Brown and MUnger and the rest of the filthy, vile Democrats have enough money to give it away to illegal aliens via the dream act. You can go to hell Brown! NO on taxes. FU! Drop dead and go back to hell.As for the filthy daughter of tax evader Berkshire you too go back to whatever e you came from.
The LAO is already saying that the governor’s plan will bring in less than originally projected (http://www.lao.ca.gov/ballot/2012/120208.aspx). That’s why Molly Munger’s is the better initiative, because the money will ALL be spent on education — and that amount of money, $10 billion actually can make a difference there. This is also money that will be over and above any Prop 98 minimum the governor manufactures. This initiative also does not solely rely on the wealthy to contribute. It relies on a broad based sliding scale income tax on all but the poorest, starting at $17,500 households (after deductions) — starting at $9 a year and going up from there.
Schools have been decimated by $20 billion cut over the last four years, with an additional $2.4 billion automatically sliced when the governor shifted $5 billion out of the general fund. There comes a point when you deprive the patient of nutrients for too long, that they have no chance of coming back. Our public schools are being starved and another round f cuts will push them past the brink of no return.
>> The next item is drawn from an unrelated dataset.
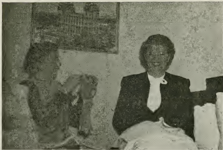
Is dit geen leuk pakje?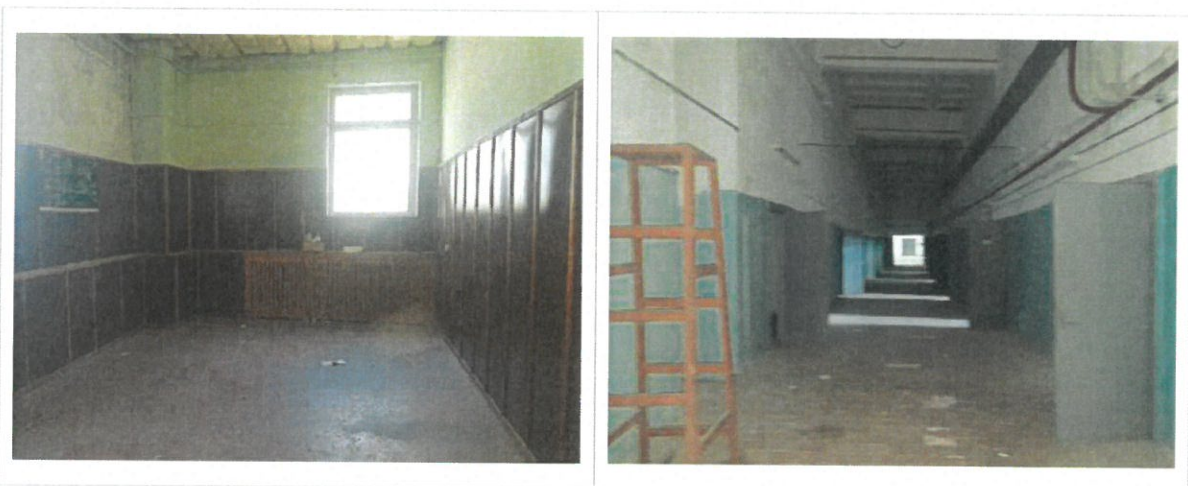
Noliktavas ēkas iekštelpas

The governor’s tax plan will, in reality, do little to help schools. The money will be diverted and reabsorbed elsewhere. The Molly Muger/PTA initiative sends money to schools in an amount over and above the Prop 98 minimum. The money does not pass through Sacramento and does not become part of the general fund. It is for early childhood programs, pre-school and K-12 — exclusively. It’s time to stop balancing the budget on the backs of the students who need a well rounded and vigorous education so they can get good jobs and help sustain CA in the future.